# Grunge(Ebenenmaske)



## Paraneuros (8. Mai 2005)

Hi,
möchte den Rand eines Hintergrundes meines Homapages bildes so gestalten das er dreckig und kaputt aussieht..habe hier auch mal GRUNGE und BRUHES eingeben..habe mir paar coole Brushes geszogen nur da ich ein Anfänger bin weiss ich nicht wie das arbeiten mit EBENMASKEN und sowas abläuft um einen schön grungestyl zu erzeugen...Danke


SO ---NEWS----
habe das jetzt herausgefunden was es mit Ebenmaske auf sich hat..

aber es erschliesst sich mir immer noch net wie ich jetzt so ein FRANZIGEN kaputten Rand machen kann


----------



## versuch13 (8. Mai 2005)

Wo liegt jetzt genau das Problem? Du benutzt einfach die Brushes. Wenn du mit Ebenenmasken nicht zurecht kommst kannst du sie ja auch weglassen.
 Allerdings ist es auch nicht schwer mit Masken zu arbeiten.
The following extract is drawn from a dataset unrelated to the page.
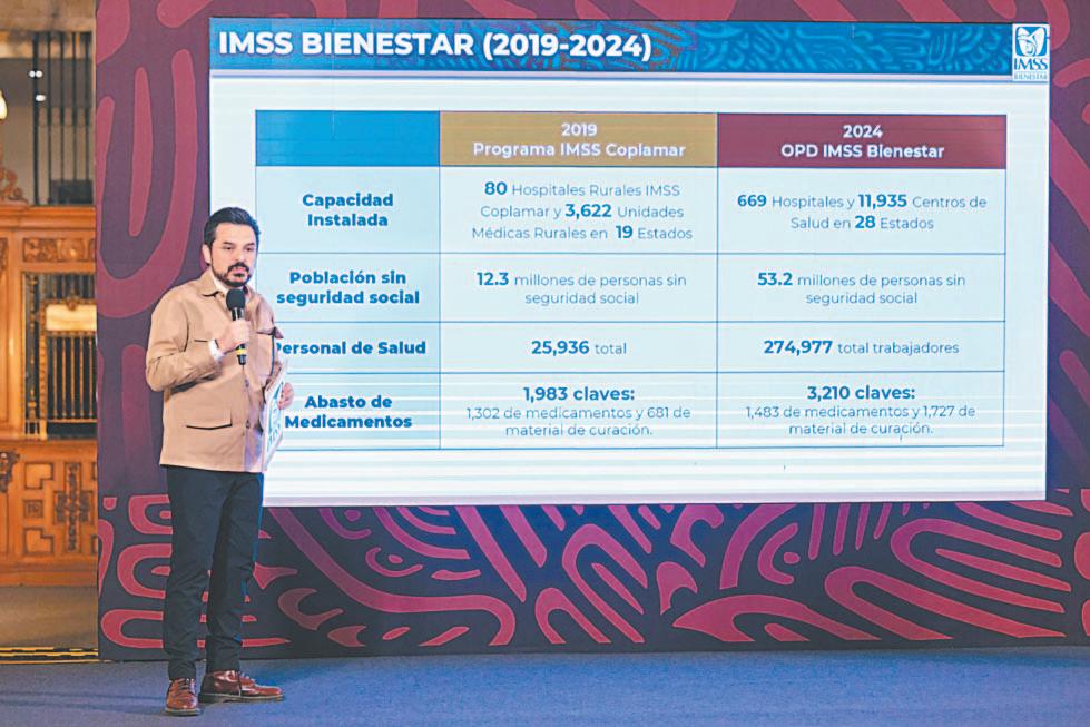 En la conferencia mañanera bledo presentó un comparativo entre el modelo IMSS Coplamar en 2019 e IMSS Bienestar en 2024, el cual ya está presente en comunidades de Baja California, Baja California Sur, Campeche, Chiapas, Ciudad de México, Colima, Estado de México, Guerrero, Hidalgo, Michoacán, Morelos, Nayarit, Oaxaca, Puebla, Quintana Roo, San Luis Potosí, Sinaloa, Sonora, Tabasco, Tamaulipas, Tlaxcala, Veracruz y Zacatecas.

Mit Schwarz und Weiß zeichnest du auf der Maske um Teile abzudecken und wieder zurück zu holen, am besten einfach mal ausprobieren.

 gruß


----------



## Paraneuros (8. Mai 2005)

also mit der Ebenenmaske habe ich ja verstanden wie das geht...Aber wenn ich jetzt auf der Maske zum Beispiel Bruhes anwende dann komme ich nicht zu meinem gewünschten erfolg..ich finde das sieht nicht richtig kaputt am rand aus...


----------



## versuch13 (8. Mai 2005)

Ja, ok. Also das Ding ist, ein wenig kreativität gehört natürlich auch dazu. Willst du einfach nur irgendwas in Grunge Richtung machen, oder möchtest du etwas machen das ausgefranzt, ausgerießen o. ä. aussieht? Da du ja vom Hintergrund spricht, und den dreckig machen möchtest, hilft dir vielleicht das Tutorial hier weiter.

BeatUp Layout

 Allerdings gehört auch zu Grunge Design Übung usw. Nur Brushes reichen nicht aus.
 Daher einfach weiter ausprobieren.


 greetz


----------



## Paraneuros (8. Mai 2005)

naja über eine gewisse Kreativtät besitze ich schon...nur halt das umsetzen fällt mir schwer..ist ja auch klar als anfänger..naja probiere das jetzt erstmal aus und melde mich dann nochmal zu wort wenn es hackt...danke schonmal

Ich möchte einfach meine Ganze Page in Grunge machen...aber am Anfang jetzt erstmal den rand net so schön eckig und brav darstellen lassen sondern KAPUTT


----------



## Paraneuros (8. Mai 2005)

so habe jetzt mal mit Brushes ein wenig das realisiert was mir vorschwebt...
aber so ganz bin ich nicht zufrieden da man erkennt wo sich immer 2 Bruhes treffen


----------